_Records for this task:_
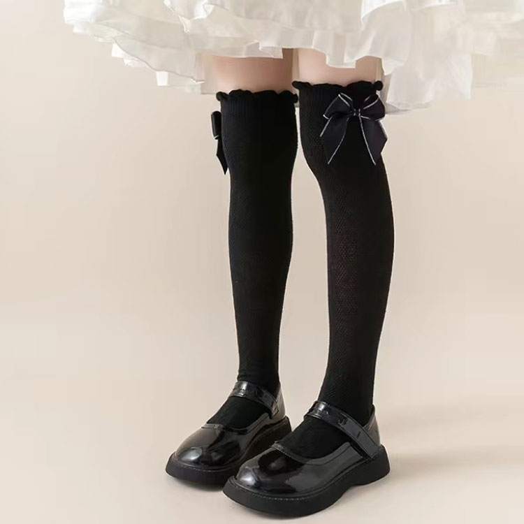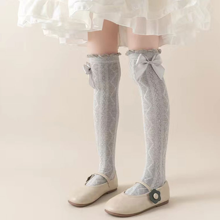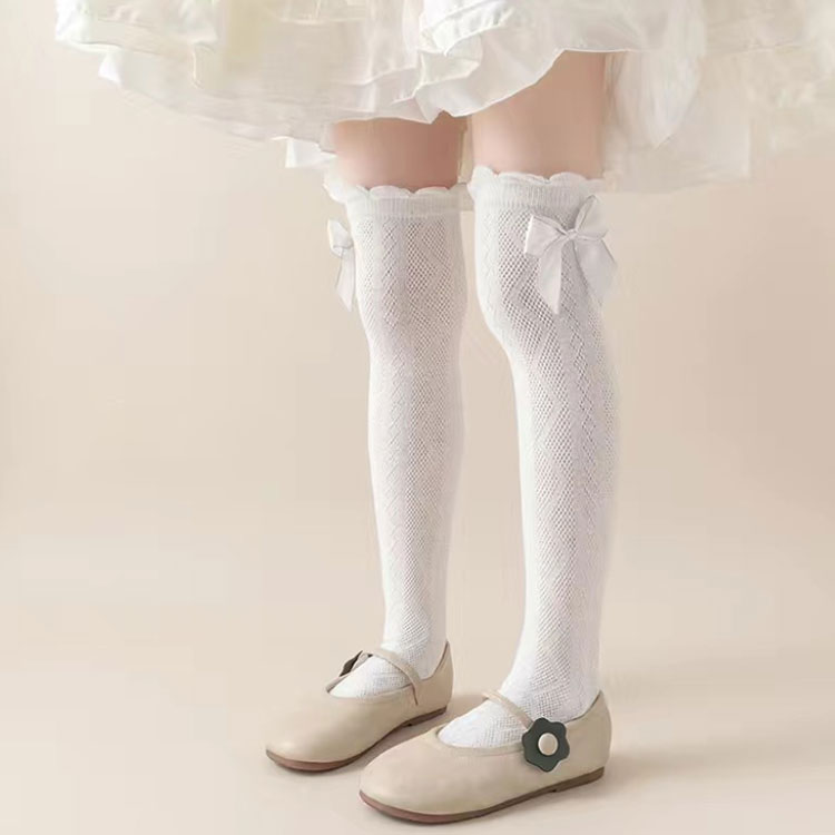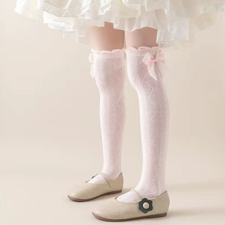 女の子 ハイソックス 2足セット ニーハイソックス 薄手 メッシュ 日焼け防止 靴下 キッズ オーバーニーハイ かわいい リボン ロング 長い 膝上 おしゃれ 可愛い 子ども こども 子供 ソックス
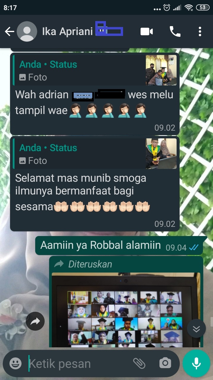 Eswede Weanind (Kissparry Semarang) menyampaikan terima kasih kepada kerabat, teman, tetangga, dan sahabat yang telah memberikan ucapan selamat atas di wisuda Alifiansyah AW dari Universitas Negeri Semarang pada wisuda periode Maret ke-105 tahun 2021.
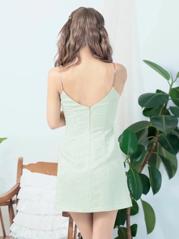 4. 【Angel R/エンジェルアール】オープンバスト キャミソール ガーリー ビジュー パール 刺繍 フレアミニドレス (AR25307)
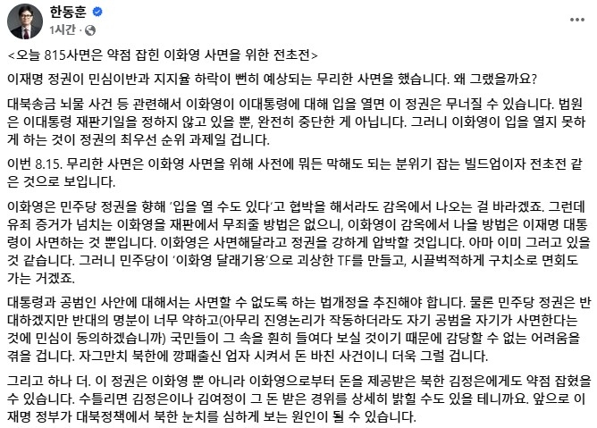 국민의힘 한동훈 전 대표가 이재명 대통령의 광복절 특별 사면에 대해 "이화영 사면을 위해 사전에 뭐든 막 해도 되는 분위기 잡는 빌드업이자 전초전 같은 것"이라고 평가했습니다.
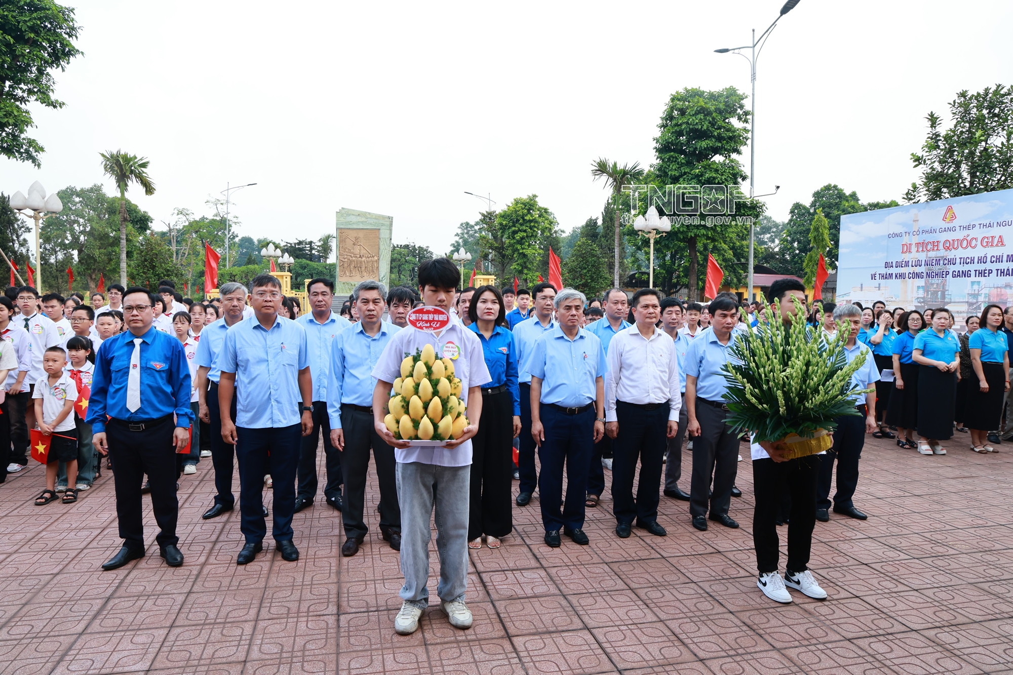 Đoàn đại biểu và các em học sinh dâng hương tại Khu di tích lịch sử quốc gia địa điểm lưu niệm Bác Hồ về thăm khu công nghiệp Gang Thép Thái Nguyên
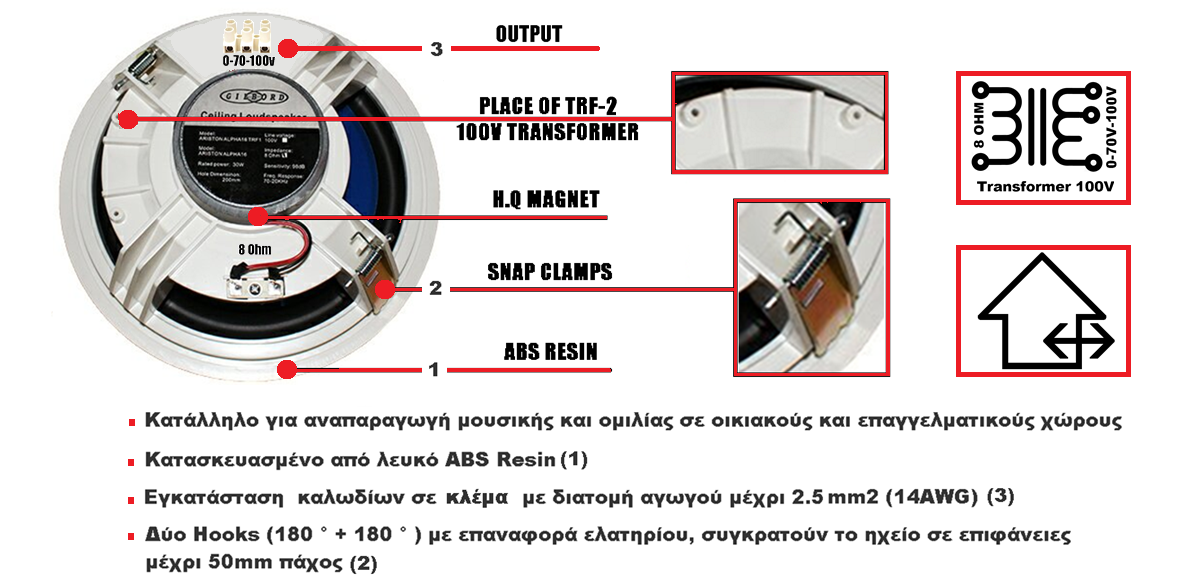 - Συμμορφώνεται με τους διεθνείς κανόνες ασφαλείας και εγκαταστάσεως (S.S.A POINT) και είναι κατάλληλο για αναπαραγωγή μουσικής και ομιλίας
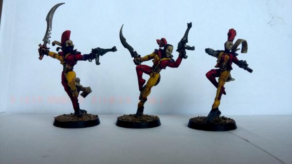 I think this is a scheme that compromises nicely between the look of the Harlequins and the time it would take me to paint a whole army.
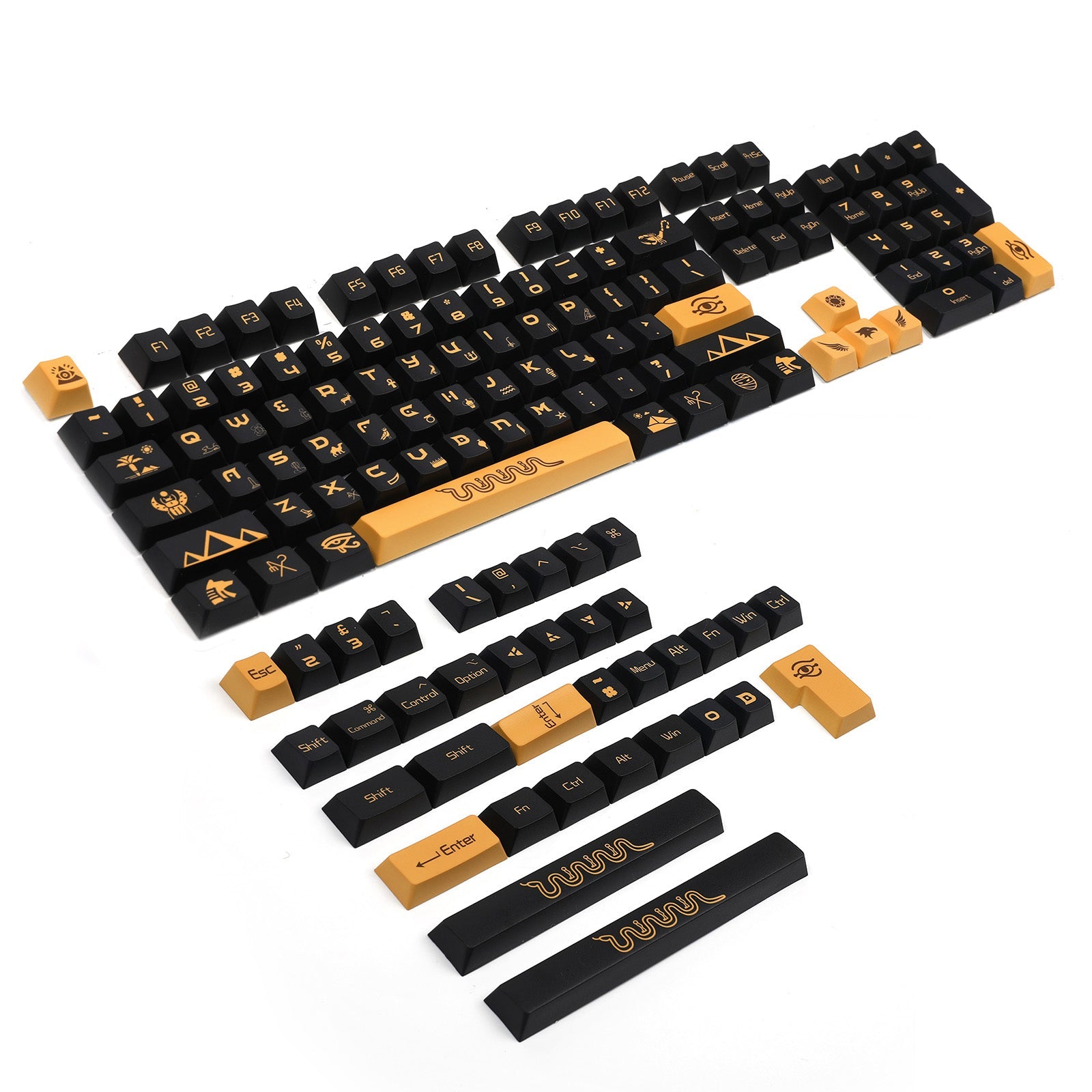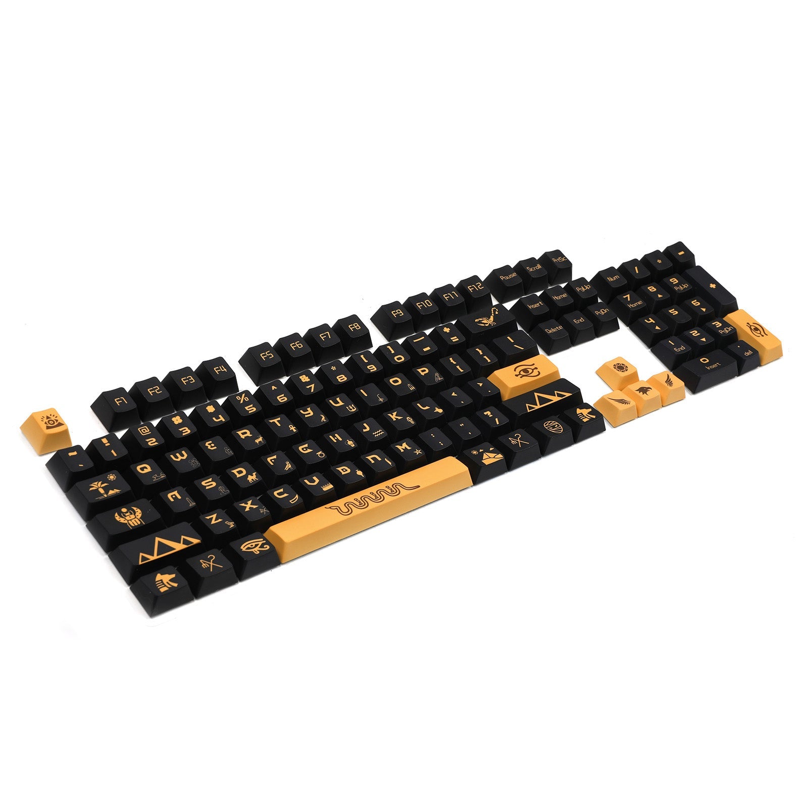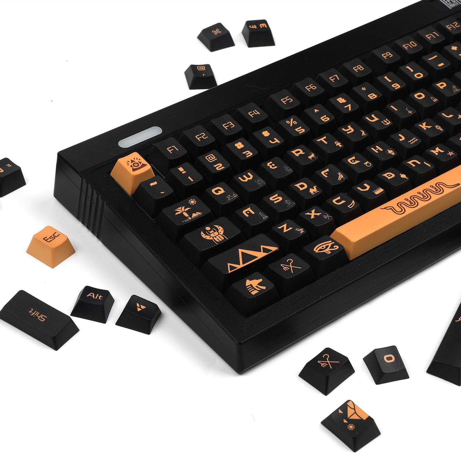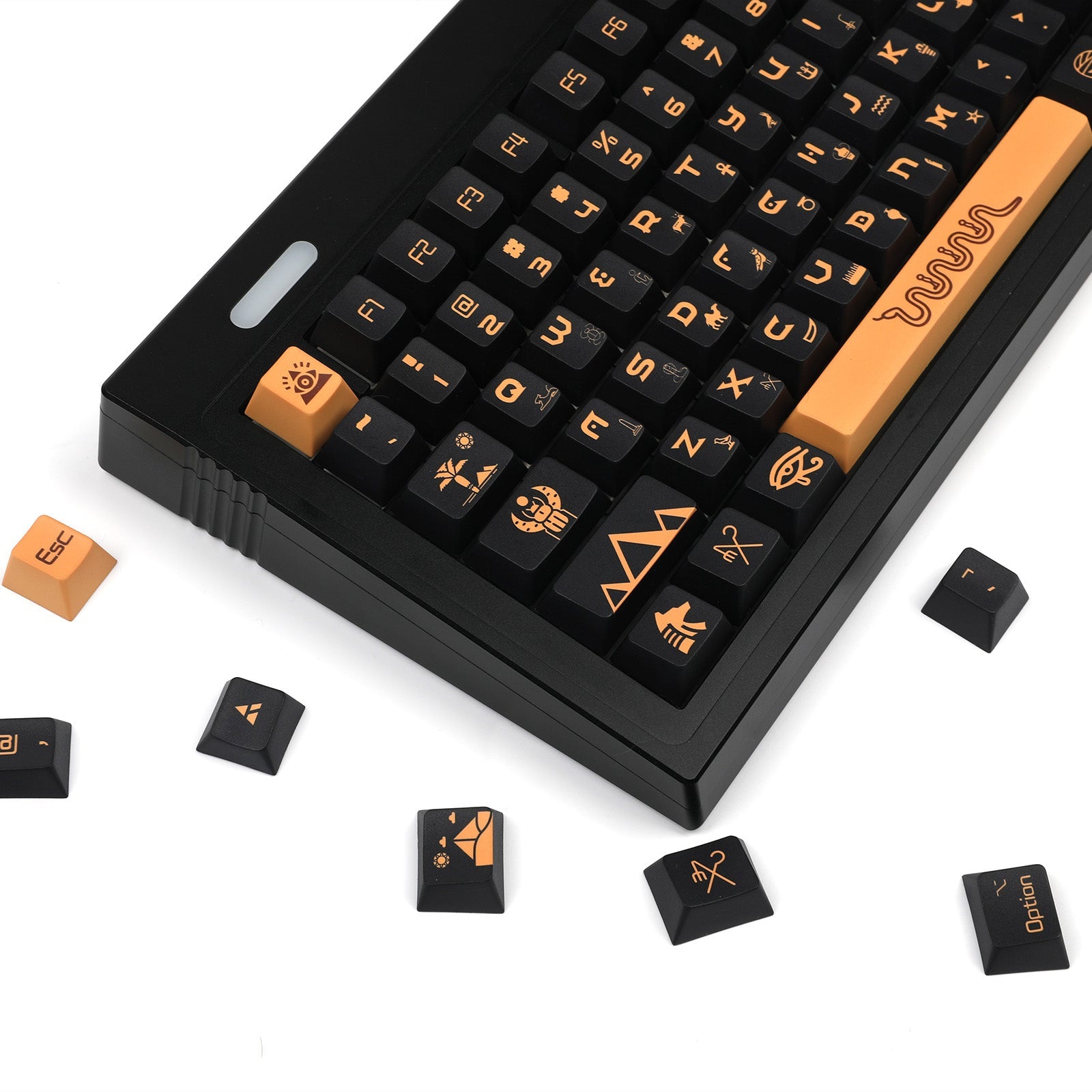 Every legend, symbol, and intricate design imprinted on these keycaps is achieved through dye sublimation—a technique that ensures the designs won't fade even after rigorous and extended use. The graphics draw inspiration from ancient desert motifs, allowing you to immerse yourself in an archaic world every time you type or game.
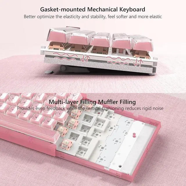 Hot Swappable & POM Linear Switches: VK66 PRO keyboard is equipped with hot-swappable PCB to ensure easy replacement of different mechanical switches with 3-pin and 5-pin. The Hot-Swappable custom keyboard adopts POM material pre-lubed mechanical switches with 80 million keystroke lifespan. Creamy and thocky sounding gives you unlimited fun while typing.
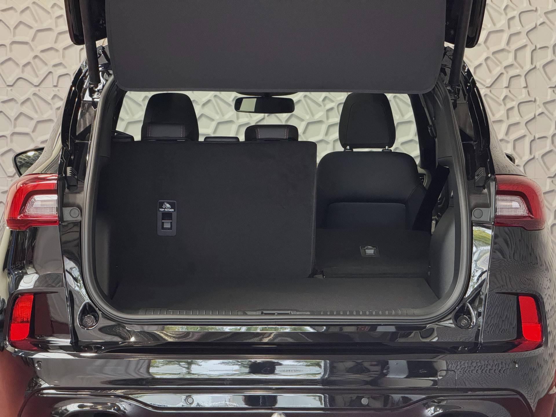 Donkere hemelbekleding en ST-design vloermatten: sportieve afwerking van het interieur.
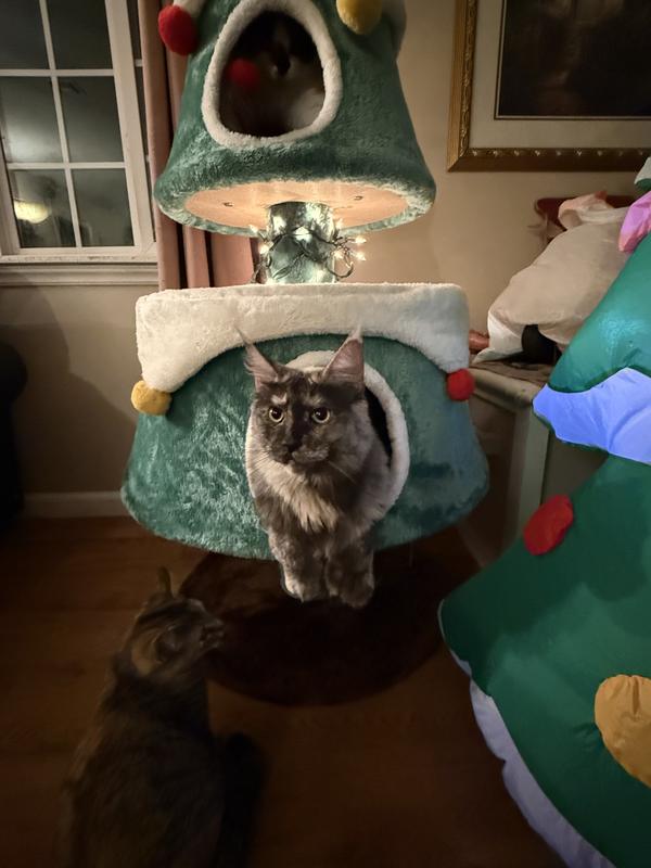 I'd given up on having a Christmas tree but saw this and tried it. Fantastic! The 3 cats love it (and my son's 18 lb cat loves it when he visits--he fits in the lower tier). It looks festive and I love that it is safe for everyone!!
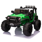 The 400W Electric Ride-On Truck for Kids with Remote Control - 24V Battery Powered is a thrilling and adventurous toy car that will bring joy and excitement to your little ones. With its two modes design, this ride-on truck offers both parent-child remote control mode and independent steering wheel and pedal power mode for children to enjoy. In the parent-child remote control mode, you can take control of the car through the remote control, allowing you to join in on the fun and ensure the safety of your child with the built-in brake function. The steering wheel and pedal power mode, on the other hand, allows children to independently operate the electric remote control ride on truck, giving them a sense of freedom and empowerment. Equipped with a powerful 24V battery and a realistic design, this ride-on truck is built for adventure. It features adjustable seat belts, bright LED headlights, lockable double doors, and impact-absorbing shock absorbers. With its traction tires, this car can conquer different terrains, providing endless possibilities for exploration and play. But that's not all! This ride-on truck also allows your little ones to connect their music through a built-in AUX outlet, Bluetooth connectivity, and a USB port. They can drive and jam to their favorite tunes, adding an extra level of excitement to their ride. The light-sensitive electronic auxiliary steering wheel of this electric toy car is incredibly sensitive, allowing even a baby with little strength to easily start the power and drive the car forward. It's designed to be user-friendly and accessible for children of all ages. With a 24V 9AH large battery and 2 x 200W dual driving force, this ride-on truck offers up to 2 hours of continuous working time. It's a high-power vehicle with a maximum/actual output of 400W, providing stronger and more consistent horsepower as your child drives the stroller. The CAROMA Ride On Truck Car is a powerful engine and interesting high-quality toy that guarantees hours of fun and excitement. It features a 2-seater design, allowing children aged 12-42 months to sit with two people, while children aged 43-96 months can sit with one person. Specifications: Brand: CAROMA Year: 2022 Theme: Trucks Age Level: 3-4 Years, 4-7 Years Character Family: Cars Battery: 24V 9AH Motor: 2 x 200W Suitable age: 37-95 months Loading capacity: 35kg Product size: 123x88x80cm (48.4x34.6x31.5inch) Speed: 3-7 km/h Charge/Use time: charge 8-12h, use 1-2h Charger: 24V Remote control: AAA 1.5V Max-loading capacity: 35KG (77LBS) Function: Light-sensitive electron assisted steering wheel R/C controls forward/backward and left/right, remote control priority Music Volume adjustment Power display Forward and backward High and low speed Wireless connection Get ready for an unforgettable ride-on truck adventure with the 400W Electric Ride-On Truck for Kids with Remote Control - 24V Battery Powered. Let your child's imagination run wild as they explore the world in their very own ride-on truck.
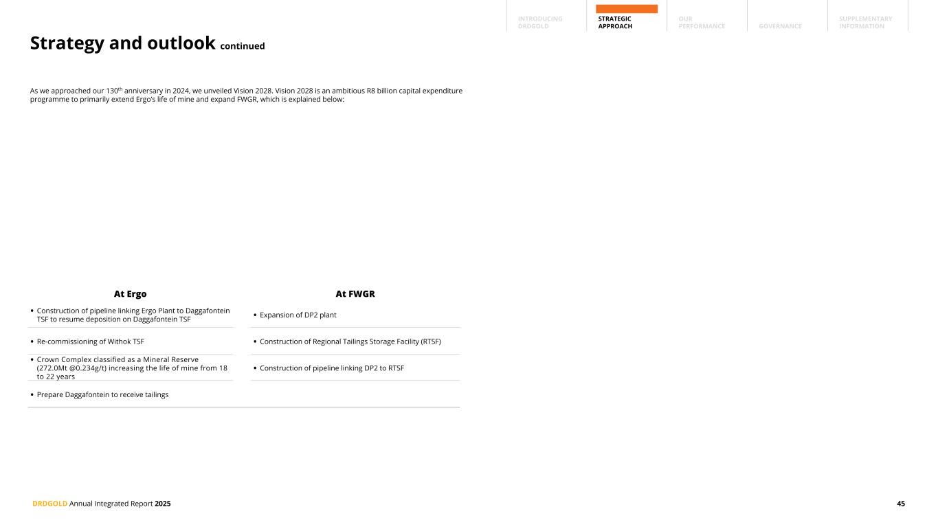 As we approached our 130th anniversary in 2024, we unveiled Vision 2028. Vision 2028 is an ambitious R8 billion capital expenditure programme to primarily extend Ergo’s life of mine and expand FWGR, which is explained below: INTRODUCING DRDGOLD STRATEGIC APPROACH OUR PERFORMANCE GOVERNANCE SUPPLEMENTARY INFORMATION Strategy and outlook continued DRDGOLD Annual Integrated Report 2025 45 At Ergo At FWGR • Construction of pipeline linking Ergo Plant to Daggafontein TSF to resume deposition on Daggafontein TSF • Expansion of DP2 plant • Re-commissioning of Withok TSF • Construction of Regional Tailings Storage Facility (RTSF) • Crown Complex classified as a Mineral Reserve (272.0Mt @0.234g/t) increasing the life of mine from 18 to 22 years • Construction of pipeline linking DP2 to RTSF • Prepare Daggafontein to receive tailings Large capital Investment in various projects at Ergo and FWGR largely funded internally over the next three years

_What to produce:_ Going by the data above, the answer is exactly the lines from the one holding "Đoàn đại biểu" to the one holding "- Συμμορφώνεται με", both kept, with the pictures left out.

_Reply:_
 Đoàn đại biểu và các em học sinh dâng hương tại Khu di tích lịch sử quốc gia địa điểm lưu niệm Bác Hồ về thăm khu công nghiệp Gang Thép Thái Nguyên
 - Συμμορφώνεται με τους διεθνείς κανόνες ασφαλείας και εγκαταστάσεως (S.S.A POINT) και είναι κατάλληλο για αναπαραγωγή μουσικής και ομιλίας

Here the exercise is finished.